The active site residues as visualized in PyMol are shown in Fig. 13. The binding of lopinavir to the target protein which produced the best binding score was used as the predictive model. Residues at the distance of < 5 angstroms to the bound ligand were assumed to form the active site residues. A total of 27 amino acid residues were covered and these are PHE-8, VAL-104, ARG-105, ILE-106, GLN-107, PRO-108, GLY-109, GLN-110, THR-111, ASN-151, ASP-153, SER-158, CYS-160, ILE-200, VAL-202, ASN-203, HIS-246, PRO-252, ILE-249, PRO-252, LEU-253, THR-292, PRO-293, PHE-294, ASP-295, VAL-297, and ARG-298.
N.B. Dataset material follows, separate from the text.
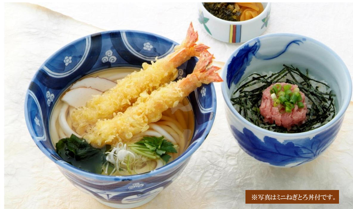
※写真はミニねぎとろ丼付です。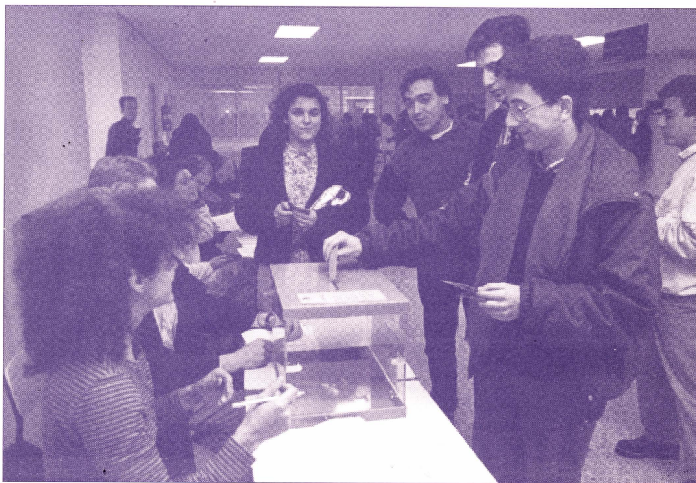
Aquestes eleccions garanteixen la gestió dels estudiants als centres

La junta de centre és l'òrgan màxim de representació, decisió i control de les facultats i de l'escola. La componen, com a membres nats, el degà o director, que la presideix, els vicepresidents de les comissions interdepartamentals de titulació (CIT) i els directors i coordinadors de departaments i unitats predepartamentals. Els membres electes es distribueixen de la següent manera: 21 persones elegides entre el personal docent i investigador del centre; 12 estudiants que cobreixen la representació de totes les titulacions i que es distribueixen proporcionalment en funció de la matrícula; finalment, 5 membres representants del personal d'administració i

Fig. 13 The combined view of the 3D structural comparison between the modeled target protein and the downloaded PDB structure of the viral protein (left column) and their primary sequence alignment (right column). The target protein is colored in grey while its protein data bank equivalence is colored in red. The high structural similarity between the two proteins was validated through their sequence alignment which produced 99.34% sequence identity score.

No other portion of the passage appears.